### Task details
Set down a faithful copy of every record, and skip the pictures in it.

**********

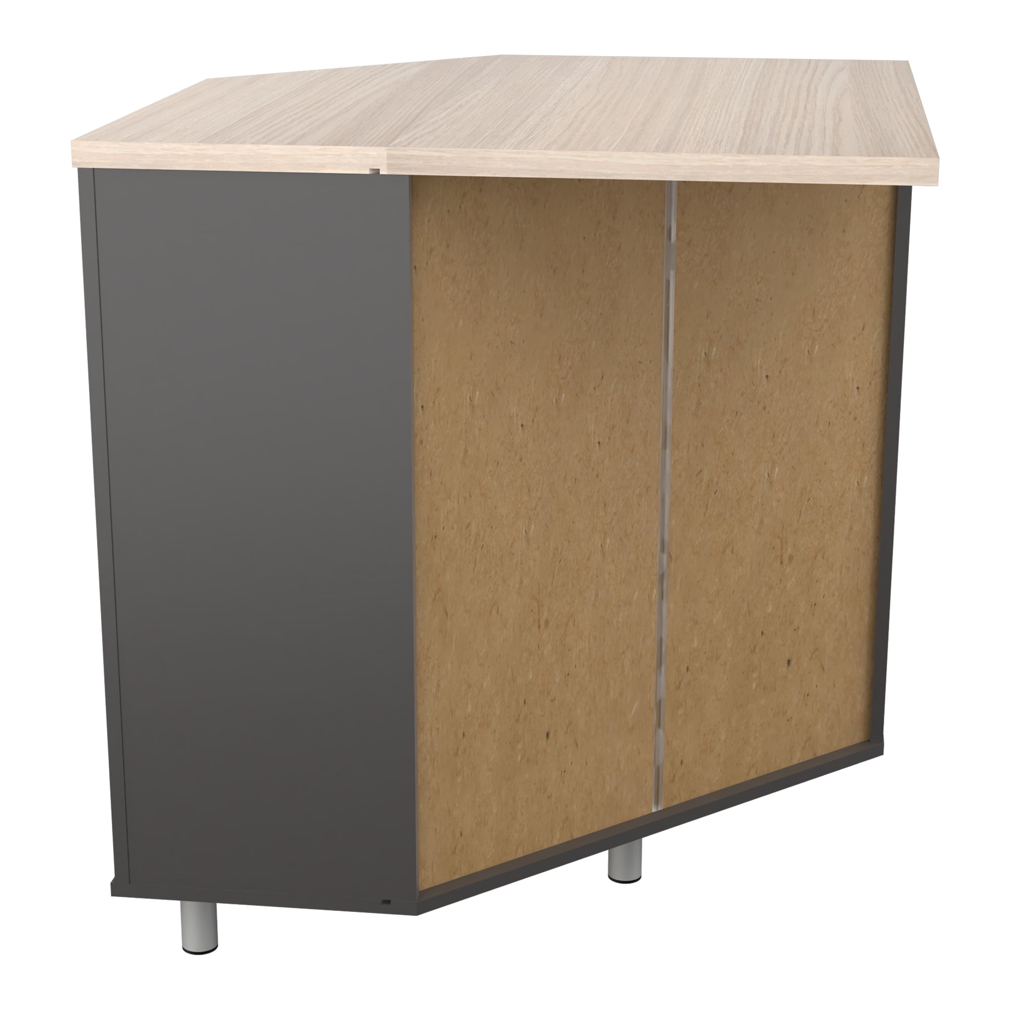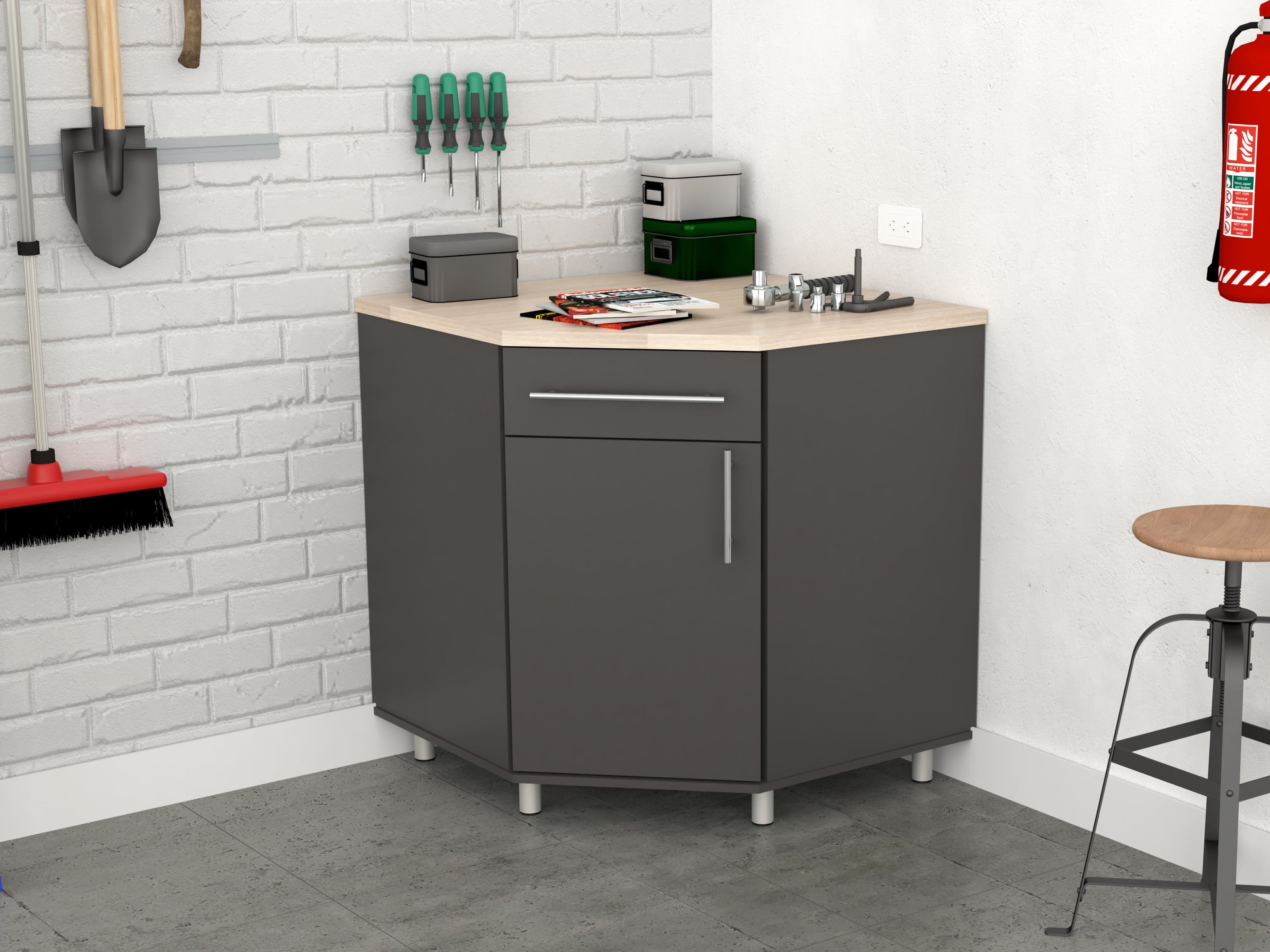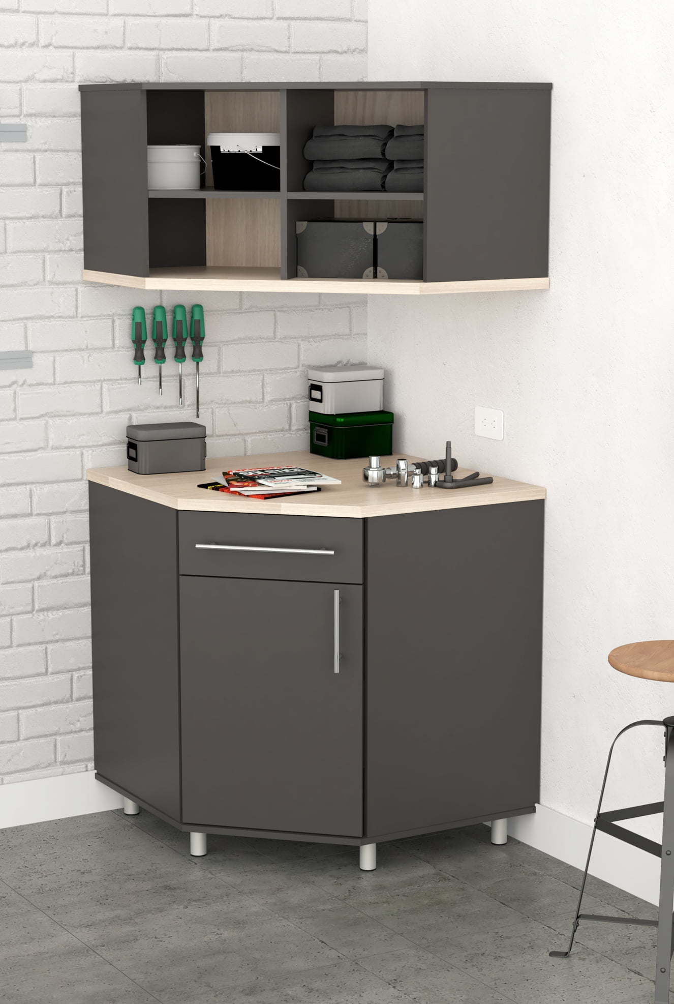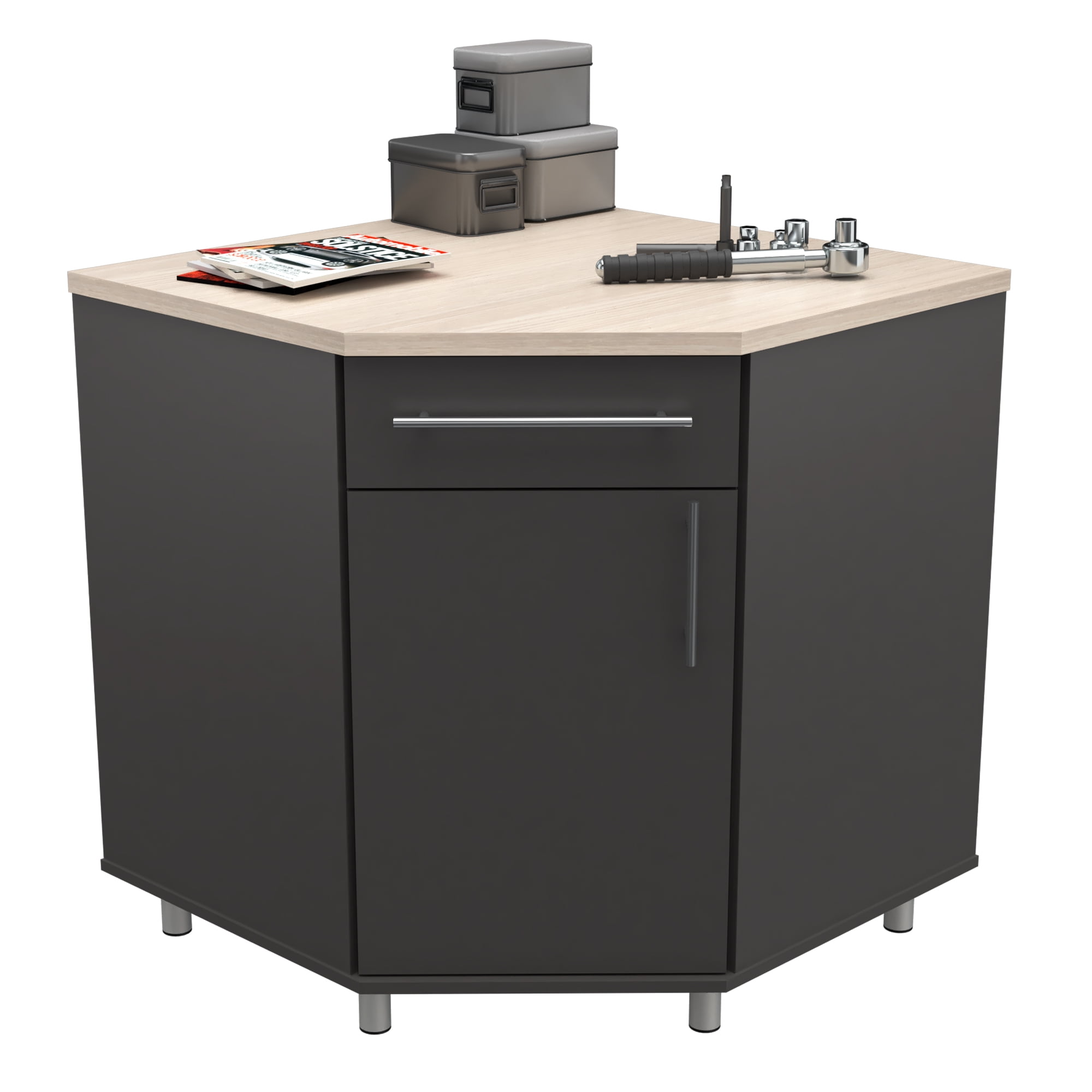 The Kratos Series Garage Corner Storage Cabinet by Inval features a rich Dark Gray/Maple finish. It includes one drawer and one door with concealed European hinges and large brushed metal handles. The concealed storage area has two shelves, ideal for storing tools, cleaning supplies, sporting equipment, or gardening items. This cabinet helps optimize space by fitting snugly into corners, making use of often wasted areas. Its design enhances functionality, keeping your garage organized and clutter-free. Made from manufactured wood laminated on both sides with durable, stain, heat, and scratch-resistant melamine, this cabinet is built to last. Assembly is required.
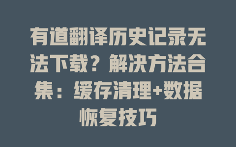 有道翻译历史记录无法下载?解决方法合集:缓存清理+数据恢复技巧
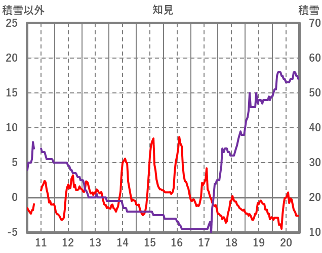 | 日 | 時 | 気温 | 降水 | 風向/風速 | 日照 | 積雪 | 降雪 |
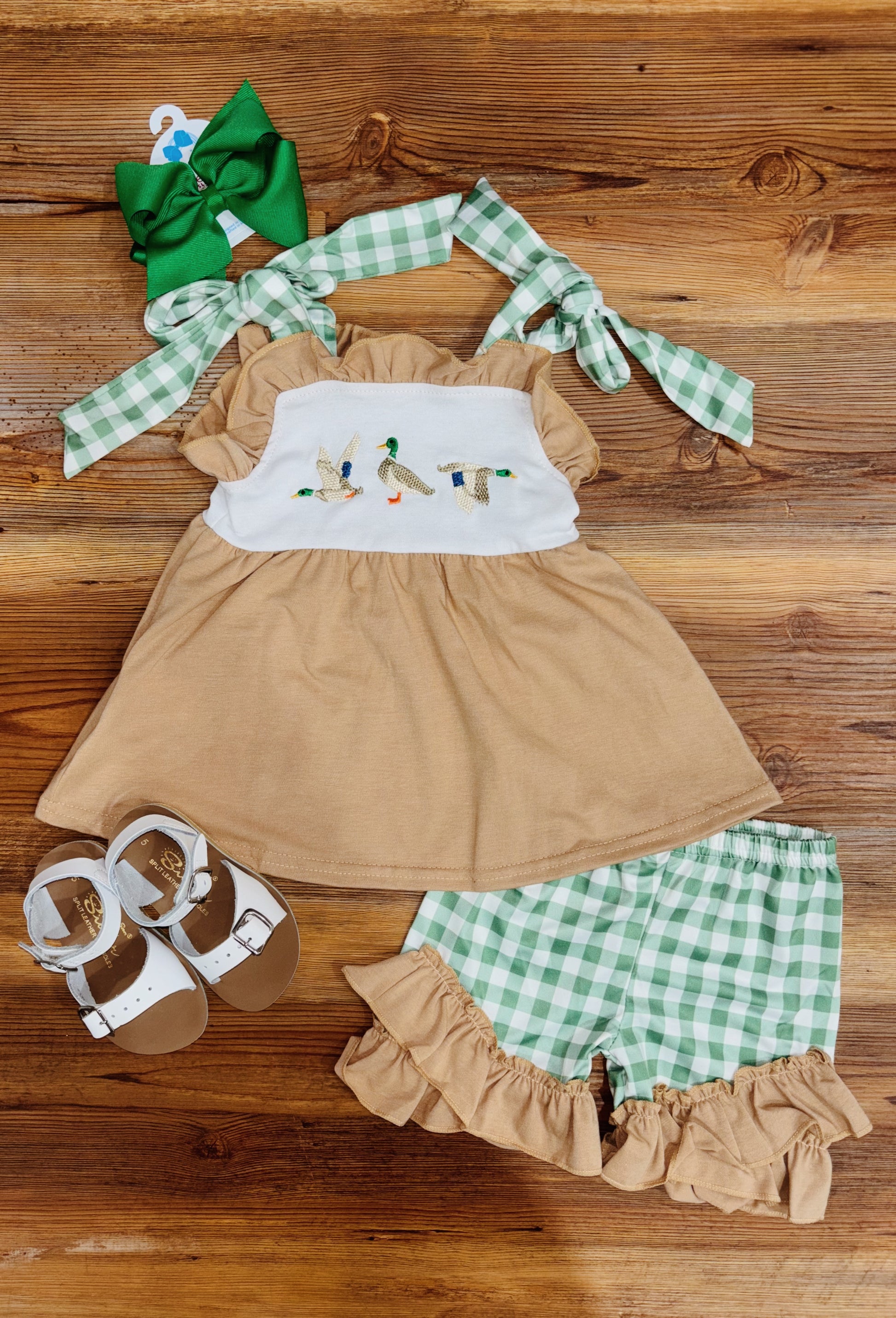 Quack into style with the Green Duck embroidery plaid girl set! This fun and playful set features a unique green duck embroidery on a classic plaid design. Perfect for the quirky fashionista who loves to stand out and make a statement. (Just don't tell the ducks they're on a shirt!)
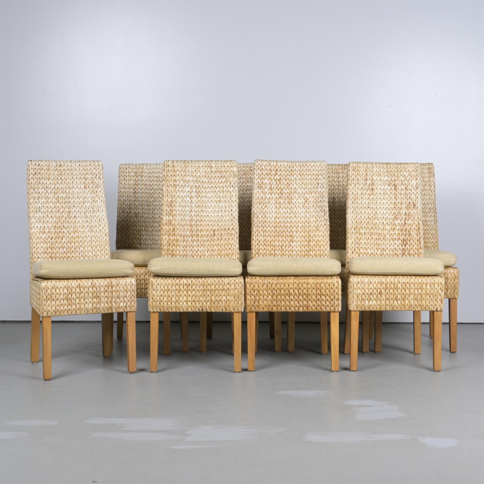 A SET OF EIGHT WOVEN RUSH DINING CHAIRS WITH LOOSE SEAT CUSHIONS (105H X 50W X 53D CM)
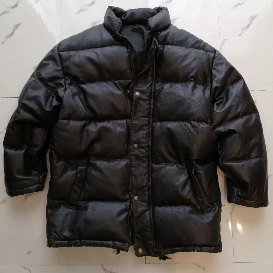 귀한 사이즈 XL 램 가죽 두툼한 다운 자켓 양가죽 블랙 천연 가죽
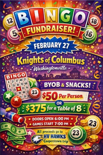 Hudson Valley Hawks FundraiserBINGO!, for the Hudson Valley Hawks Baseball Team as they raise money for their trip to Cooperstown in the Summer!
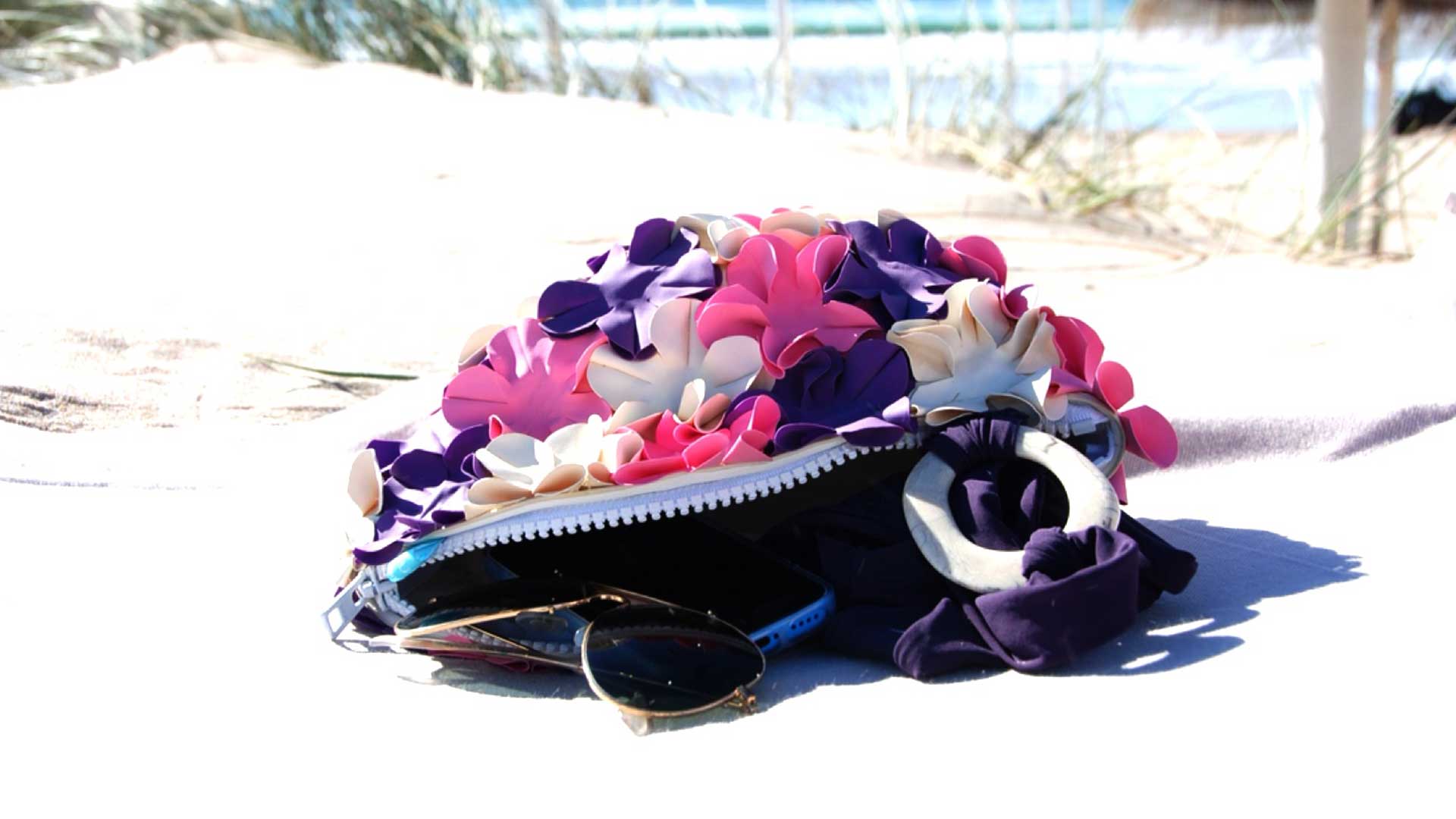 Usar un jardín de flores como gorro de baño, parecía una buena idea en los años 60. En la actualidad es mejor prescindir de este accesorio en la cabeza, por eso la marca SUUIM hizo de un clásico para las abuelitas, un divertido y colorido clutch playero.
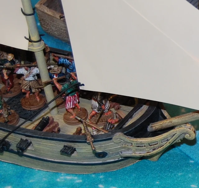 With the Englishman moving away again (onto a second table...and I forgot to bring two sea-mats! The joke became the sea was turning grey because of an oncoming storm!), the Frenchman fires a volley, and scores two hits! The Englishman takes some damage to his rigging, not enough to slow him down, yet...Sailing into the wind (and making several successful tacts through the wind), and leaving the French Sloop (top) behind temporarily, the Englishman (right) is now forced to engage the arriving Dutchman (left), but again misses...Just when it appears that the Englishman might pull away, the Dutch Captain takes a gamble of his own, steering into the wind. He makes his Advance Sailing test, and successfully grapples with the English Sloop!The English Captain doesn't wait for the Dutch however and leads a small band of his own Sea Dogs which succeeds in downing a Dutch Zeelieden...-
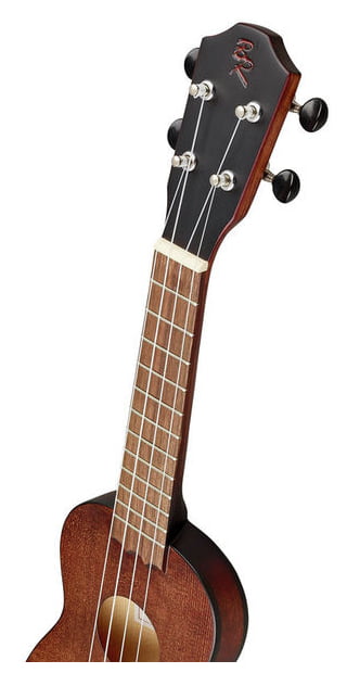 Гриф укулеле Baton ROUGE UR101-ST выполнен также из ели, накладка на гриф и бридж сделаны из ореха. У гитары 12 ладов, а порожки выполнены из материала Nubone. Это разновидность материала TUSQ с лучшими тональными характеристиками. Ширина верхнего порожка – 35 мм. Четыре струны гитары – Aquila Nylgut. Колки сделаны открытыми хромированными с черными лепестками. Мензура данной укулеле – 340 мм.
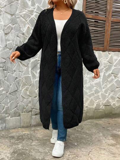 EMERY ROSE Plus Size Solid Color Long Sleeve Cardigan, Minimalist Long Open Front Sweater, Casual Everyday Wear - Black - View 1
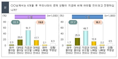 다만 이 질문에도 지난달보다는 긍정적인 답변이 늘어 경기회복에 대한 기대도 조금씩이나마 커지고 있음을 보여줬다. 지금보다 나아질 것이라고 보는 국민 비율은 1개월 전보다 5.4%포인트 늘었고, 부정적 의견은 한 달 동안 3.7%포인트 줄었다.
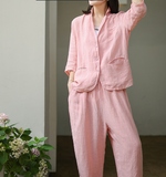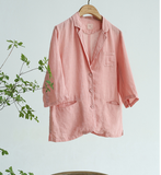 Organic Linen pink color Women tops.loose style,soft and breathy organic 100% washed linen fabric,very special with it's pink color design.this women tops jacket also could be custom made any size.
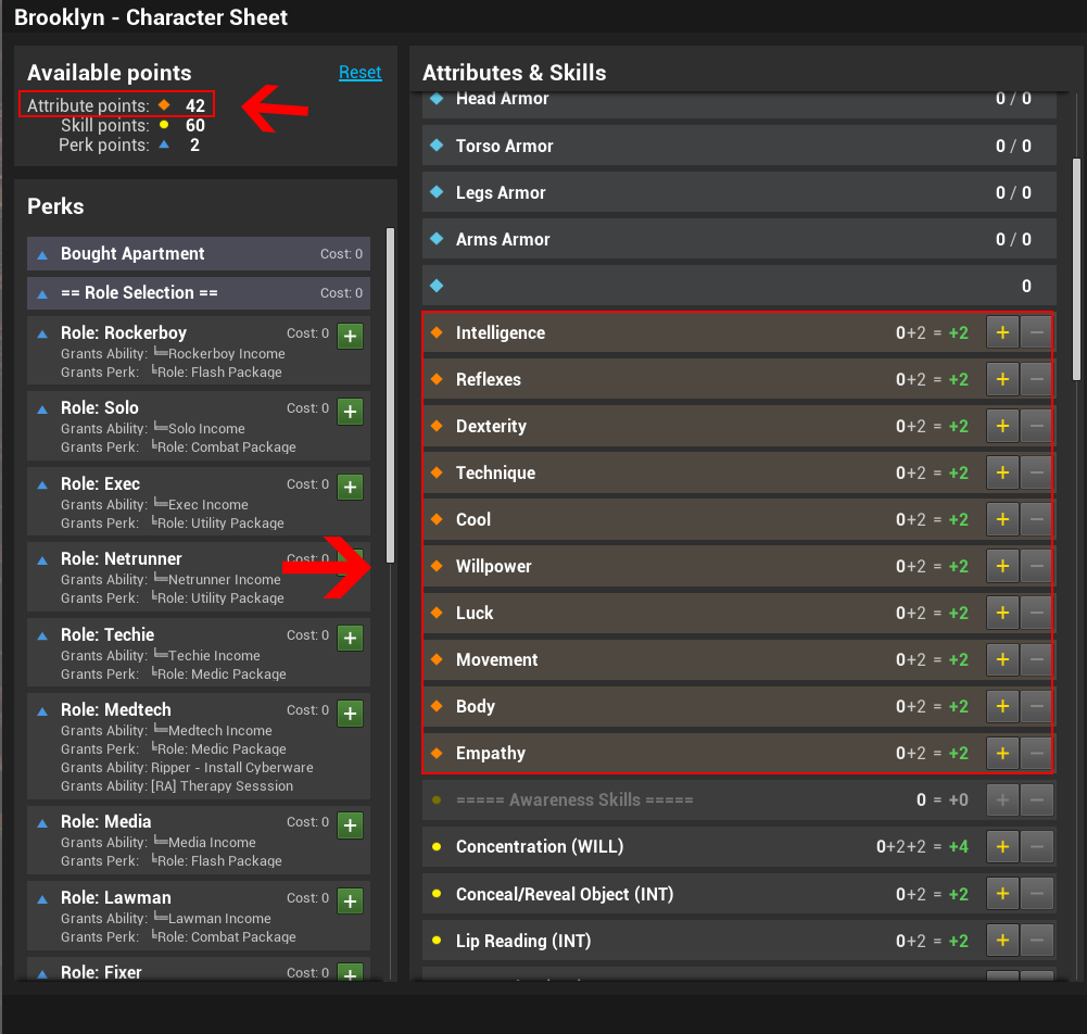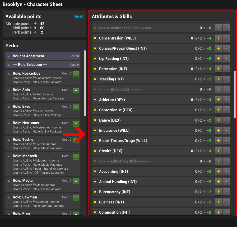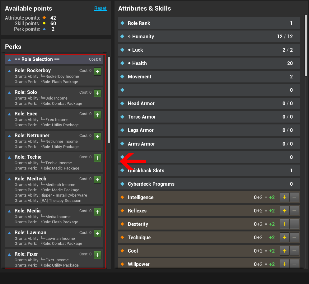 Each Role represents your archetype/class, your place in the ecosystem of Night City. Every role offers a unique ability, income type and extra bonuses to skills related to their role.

**********

### Solution for this problem
 The Kratos Series Garage Corner Storage Cabinet by Inval features a rich Dark Gray/Maple finish. It includes one drawer and one door with concealed European hinges and large brushed metal handles. The concealed storage area has two shelves, ideal for storing tools, cleaning supplies, sporting equipment, or gardening items. This cabinet helps optimize space by fitting snugly into corners, making use of often wasted areas. Its design enhances functionality, keeping your garage organized and clutter-free. Made from manufactured wood laminated on both sides with durable, stain, heat, and scratch-resistant melamine, this cabinet is built to last. Assembly is required.
 有道翻译历史记录无法下载?解决方法合集:缓存清理+数据恢复技巧
 | 日 | 時 | 気温 | 降水 | 風向/風速 | 日照 | 積雪 | 降雪 |
 Quack into style with the Green Duck embroidery plaid girl set! This fun and playful set features a unique green duck embroidery on a classic plaid design. Perfect for the quirky fashionista who loves to stand out and make a statement. (Just don't tell the ducks they're on a shirt!)
 A SET OF EIGHT WOVEN RUSH DINING CHAIRS WITH LOOSE SEAT CUSHIONS (105H X 50W X 53D CM)
 귀한 사이즈 XL 램 가죽 두툼한 다운 자켓 양가죽 블랙 천연 가죽
 Hudson Valley Hawks FundraiserBINGO!, for the Hudson Valley Hawks Baseball Team as they raise money for their trip to Cooperstown in the Summer!
 Usar un jardín de flores como gorro de baño, parecía una buena idea en los años 60. En la actualidad es mejor prescindir de este accesorio en la cabeza, por eso la marca SUUIM hizo de un clásico para las abuelitas, un divertido y colorido clutch playero.
 With the Englishman moving away again (onto a second table...and I forgot to bring two sea-mats! The joke became the sea was turning grey because of an oncoming storm!), the Frenchman fires a volley, and scores two hits! The Englishman takes some damage to his rigging, not enough to slow him down, yet...Sailing into the wind (and making several successful tacts through the wind), and leaving the French Sloop (top) behind temporarily, the Englishman (right) is now forced to engage the arriving Dutchman (left), but again misses...Just when it appears that the Englishman might pull away, the Dutch Captain takes a gamble of his own, steering into the wind. He makes his Advance Sailing test, and successfully grapples with the English Sloop!The English Captain doesn't wait for the Dutch however and leads a small band of his own Sea Dogs which succeeds in downing a Dutch Zeelieden...-
 Гриф укулеле Baton ROUGE UR101-ST выполнен также из ели, накладка на гриф и бридж сделаны из ореха. У гитары 12 ладов, а порожки выполнены из материала Nubone. Это разновидность материала TUSQ с лучшими тональными характеристиками. Ширина верхнего порожка – 35 мм. Четыре струны гитары – Aquila Nylgut. Колки сделаны открытыми хромированными с черными лепестками. Мензура данной укулеле – 340 мм.
 EMERY ROSE Plus Size Solid Color Long Sleeve Cardigan, Minimalist Long Open Front Sweater, Casual Everyday Wear - Black - View 1
 다만 이 질문에도 지난달보다는 긍정적인 답변이 늘어 경기회복에 대한 기대도 조금씩이나마 커지고 있음을 보여줬다. 지금보다 나아질 것이라고 보는 국민 비율은 1개월 전보다 5.4%포인트 늘었고, 부정적 의견은 한 달 동안 3.7%포인트 줄었다.
 Organic Linen pink color Women tops.loose style,soft and breathy organic 100% washed linen fabric,very special with it's pink color design.this women tops jacket also could be custom made any size.
 Each Role represents your archetype/class, your place in the ecosystem of Night City. Every role offers a unique ability, income type and extra bonuses to skills related to their role.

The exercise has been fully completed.